Social media users have been documenting the prank phenomenon under the hashtag #Clownsightings.




OK, the emphasis is mine, but doesn't this sound like Prank-o-Rama or a Prankfest to you? Who has actually gotten hurt in these things? Isn't this just a case of a high school kid in a dollar store mask running around in circles after a screaming little kid, her fear whipped up by her gullible, know-nothing parents?

The blue/italic portions indicate that the cops really think the whole thing is bullshit, but they dare not say so. Hey! It says there are creepy clowns ON THE INTERNET. So it must be true.

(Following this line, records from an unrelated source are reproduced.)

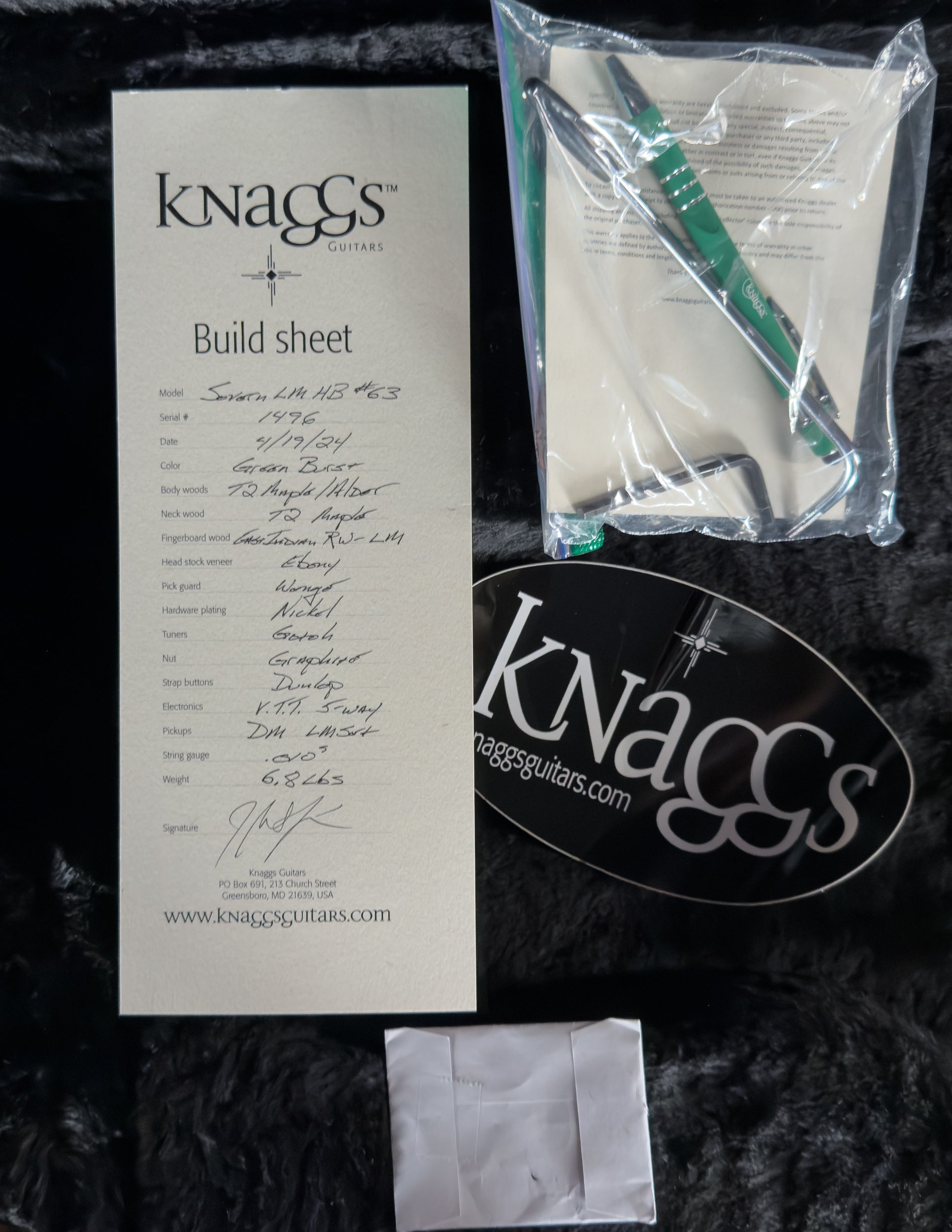 A stunning example of Knaggs’ boutique craftsmanship, this 2024 Larry Mitchell Severn LM Hollowbody delivers the airy resonance of a semi-hollow design paired with the snap and articulation the model is known for. The Green Burst finish highlights the beautiful T2 Maple top, while the set-in T2 Maple neck and Indian Rosewood fingerboard add warmth and clarity. Outfitted with Larry Mitchell’s signature DM LM Sig pickups and a versatile V.T.T. 5-way switching layout, this guitar is built for expressive, dynamic playing. Lightweight, responsive, and visually striking—this one is a tone machine with serious stage presence.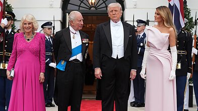 Tuo tarpu karalius atvyko su dovana – tai buvo dalis Didžiosios Britanijos pastangų sužavėti D. Trumpą ir pelnyti jo palankumą po to, kai šis griežtai sukritikavo ministrą pirmininką Keirą Starmerį už tai, kad šis atsisakė padėti jam kariauti su Iranu.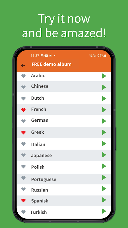 দ্রষ্টব্য: অ্যাপ্লিকেশনটিতে উপলব্ধ সমস্ত ভাষা শেখার সম্পূর্ণ ট্র্যাকের একটি ডেমো অন্তর্ভুক্ত রয়েছে - এবং ডাউনলোড করার জন্য নিখরচায়। তারপরে আপনি অ্যাপের মধ্যে থেকে পুরো কোর্সটি কিনতে পারবেন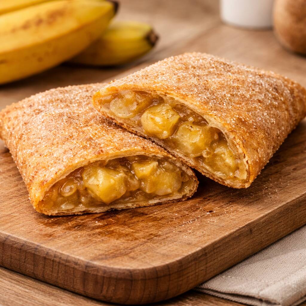 Pastel doce de 16cm recheado com banana cremosa e envolvido no clássico toque de açúcar com canela. Massa crocante por fora e recheio macio e quentinho por dentro. Uma combinação irresistível!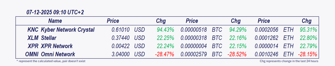 - Kyber Network Crystal v2 and Stellar: These cryptocurrencies have been the best performers over the past 24 hours, with Kyber Network Crystal v2 delivering the most substantial intraday gain since midnight, leaping by 110.20%. đĄ KNCâs rally is fueled by the Arbitrum incentive programâs timing and technical breakout, though overbought RSI signals caution. Will trading volume sustain after the initial campaign hype?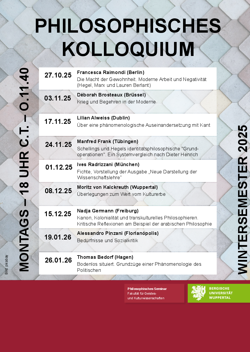 Aktuelles Programm des Philosophischen Kolloquiums Wintersemester 2025/2026

RELATED BLOG POST (one of my better ones, I think!):  

I Hate Clowns

Addenda. WHY we are afraid of clowns. The Experts Speak!

So-called “creepy clown” encounters are making people nervous across Canada and the U.S.

The sightings may be part of a viral trend that swept into several U.S. cities, where there have been reports of clowns terrorizing children and stalking people in the street. But why are we so scared of clowns to begin with?

Child and adolescent psychiatrist Steven Schlozman says it has something to do with how clowns are portrayed in popular culture.

“They are supposed to be fun, but they have been part of the horror canon now for awhile, at least 20 years and probably more,” Schlozman told CTV News Channel on Thursday.




He points to films and television shows that have taken the idea of a fun-loving, happy clown and turned it on its head, introducing the maniacal killer character clowns into our thriller lexicon.

From a neuro-biology perspective, Schlozman said clowns also “violate” the rules of pattern recognition.

“We know what a person looks like -- they’ve got two eyes, a nose and a mouth, and so do clowns,” Schlozman said. But with clowns, their facial features are exaggerated and “grotesque.”




In addition, their features are frozen or “stuck,” says Schlozman.

“There’s a permanently painted smile or a permanently painted frown, so you don’t actually know what their motivation is,” he said. “That’s I think what gives people a bit of the willies.”

Schlozman acknowledges some of the fear of clowns is circumstance.

“I think clowns at the circus or a birthday party are not that scary,” Schlozman said. “Clowns in your backyard – that’s a little creepy. I wouldn’t want to see it.”